Since change is inevitable, the leadership of any organization must ready itself to evolve new methods of change by managing the politics within the organization. Such a leader must equally develop the capacity to predict situations within and without the organization for the sake of obtaining an aggregate view of the necessary changes. A leader who opts to change his organization from a result oriented dimension will generally cede significant space for decision making to the lower cadres of the organization. Towards this objective, there is often a deliberate effort of abolishing needless bureaucratic intrigues that have variously been cited, in studies, as the chief obstacles to culture change.

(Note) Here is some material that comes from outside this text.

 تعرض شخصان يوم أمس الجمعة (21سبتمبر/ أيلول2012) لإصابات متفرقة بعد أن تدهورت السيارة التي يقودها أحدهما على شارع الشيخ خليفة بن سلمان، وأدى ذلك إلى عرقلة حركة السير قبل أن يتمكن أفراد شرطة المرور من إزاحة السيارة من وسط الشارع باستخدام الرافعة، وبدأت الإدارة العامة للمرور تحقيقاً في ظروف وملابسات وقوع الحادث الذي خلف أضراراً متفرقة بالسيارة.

The key elements of such a process reflect through quick decision making, a delegation of duties, and the promotion of the theories and practices of specialization. Sometimes it may be problematic to establish a clear line between the policies and practices of any leadership from the average organizational culture of the institution (Pierce, Gardner & Dunham, 2001). In essence, the idea that Clement appears to distil from the disparate approaches adopted by different organizations is that the different forces of change require targeted approaches to yield meaningful change. A leader who wants to change the culture of his organization should begin from identifying the precise challenges of performance within the organization. Such challenges may manifest themselves in various forms.
Structurally, it may be found that the values and practices of the organization are at cross-purposes to the desired objective. It may also be the case that the employees within the organization have been configured to act and behave in ways that do not support the overall objectives of the firm. In this manner, it becomes necessary to design culture change in a manner that will project some significant transforming force towards the process of transforming the employees (Knights & Willmott, 2006). Such a process is likely to take a long time and resources. Clement argues that the changes that begin from the first level supervisors and the workforce are more efficient than the ones that begin at the top. A general consensus among management studies has been that many of the organizational politics are a non-material aspect of any organization. The same studies have explored the different aspects of piecemeal or holistic methods of organizational change.
The overhaul of any organization depends on the ability of the leader to engage the entire personnel in effecting material and non-material aspects of culture. The combined effects of values, practices, and artifacts are the aggregate sum of pressure that often determines what is generally referred to organizational politics. Change occurs when leaders learn the art of dismantling whole or parts of these constituent aspects of organizational leadership in a structured and scientific manner. Leadership that aims to transform the political culture of the organization must consider reviewing at least two out of the three constituent attributes of the organization's political climate.